Need a quick review of what to pick up at your local comic shop? Check out this review on the go!

Comic books, by their nature, are a serial medium. Every month, publishers release out new chapters of their titles that in 22 pages, more or less, have to advance the stories therein. Readers return for each installment to discover what fate holds for their favorite heroes.

However, with many of these characters, having such a long and rich history, chunks of the lives of these heroes may be unknown to readers. For instance, you might have consumed X-Men comics for a few years, but that doesn’t necessarily mean that you know that The Scarlet Witch was a member of The Brotherhood of Evil Mutants in her first appearance in the early 1960s. How can you get a good grasp of the decades worth of a hero’s history without reading hundreds of comics?

That’s the beauty of Marvel Comics’ various “Grand Design” miniseries. Writer and artist Ed Piskor kicked off the concept with his X-Men: Grand Design books, with Tom Scioli contributing his own interpretation focusing on The Fantastic Four. (Check out our review of X-Men: Grand Design: Second Genesis #1!) These miniseries condense year of story arcs into digestible bits spanning a mere handful of issues. However, what makes these retellings shine is that they’re not just a Cliff’s Notes version of the past goings-on of your favorite characters. Instead, what we get are love letters to The X-Men and Fantastic Four, presenting them in a loving way that highlights the, well, grandness of their exploits. Moreover, while there are clearly homages to past issues and storytelling techniques found therein (more on that later), it’s never a matter of aping those works. Rather, readers are treated to new experiences of familiar stories in ways that these individual creators can deliver with their specific type of flair.

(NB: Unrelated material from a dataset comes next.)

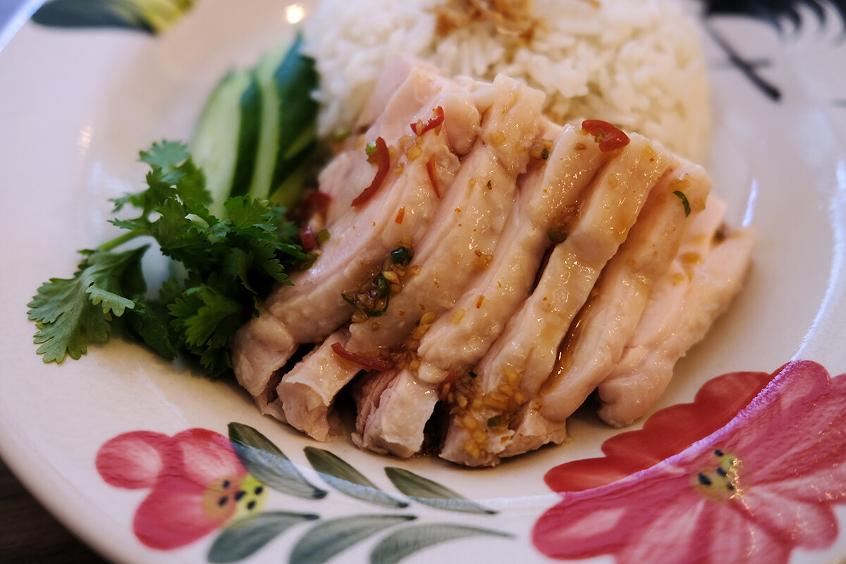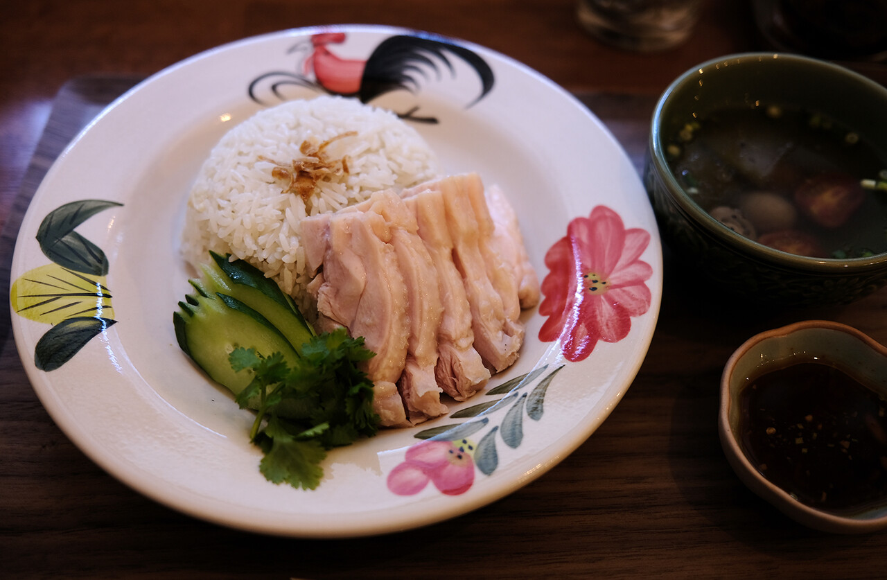 せっかくなんでもう一つ何か食べよう。ライスメニューは週替わりでカオマンガイは来週はもうないというので注文。ご飯は少なめにしてもらった。これも優しい味ね。鶏肉も臭みなく柔らかく美味しい。タレだけでなく途中からスープをぶかっけでいただくのが好き。

Which brings us to HulkGrand Design, by Jim Rugg and released by Marvel in 2022. In HulkRugg picks up the Grand Design notion and takes the football in different direction to get to the goal. Told in two issues and later collected in paperback, Rugg retells the comic origin of The Hulk that has become a part of modern-day American folklore: Dr. Bruce Banner saves a teenager at a gamma bomb testing site, only to be bombarded by the radiation, which eventually turns him into the green goliath we know today. Where the creative team zags left is how he tells the stories of Bruce and The Hulk‘s history. We get the basic beats of his storied past and present (and possible futures), but Rugg seems to be writing dialogue and rendering linework that is reminiscent of how those tales were told by the character’s creators over the years. We see John Byrne and Peter David and Sal Buscema and Herb Trimpe, but he’s never slavish or parodying. He’s celebrating their works, while putting his own indelible mark and applying his own style.

 

 

This is especially seen in how he often combines events and emotions onto the page. We don’t need to see a representation or recreation of every Hulk encounter or life event to know that one of the running themes of his story is persecution and hatred from and of others. Just look at the page below.

 

 

The reader knows the Hulk‘s plight and condition, right in that one page in that one moment in time. His world for that time period presented is totally known in one page. It’s such an economy in storytelling that doesn’t lose any nuance in the process. But again, looking at the art on the page, there’s no mistake that’s Rugg‘s work, with an intensity befitting his emerald subject matter.

 

 

That sensibility especially serves the second issue, Hulk: Grand Design – Madness!, as the more recent exploits of The Hulk are interpreted by Rugg, and in a very ingenious way. They seem to recognize a certain divide in comics from the past to the present. The 1980s through today seem to have a greater focus on bombastic “event” comics, from Secret Wars to The Infinity Gauntlet to World War Hulk. Rugg depict this later in Madness! by giving less room to the stories mentioned to breathe. His drawings become more roughly kinetic. Figures are larger and fill the page. It’s commentary and meta-commentary and very smart narrative.

 

 

Hulk: Grand Design is a brilliant, engrossing tale that’s a shining exemplar of economic storytelling, reflection on the comics industry itself, and a love letter to The Hulk. The fact that Rugg does this in just two oversized issues is both mind-boggling and worth your time.

 

 

Hulk: Grand Design is now available in paperback and as a treasury addition.

 

From the official description:

The acclaimed GRAND DESIGN franchise continues with the Monster…and the Madness! Writer/artist Jim Rugg follows in the tradition of Ed Piskor and Tom Scioli by unfurling the full saga of the Incredible Hulk, from the very beginning to the present day! From Bruce Banner’s volatile upbringing to the fateful gamma bomb detonation that changed everything – to years of anger, smashing and just wanting to be left alone! He’s been a hero…a hate figure…even a world-breaker. Now witness the biggest moments in the Hulk’s history – through the eyes of a single visionary storyteller! You’ll never look at Bruce Banner the same way again! Collecting HULK: GRAND DESIGN – MONSTER and HULK: GRAND DESIGN – MADNESS.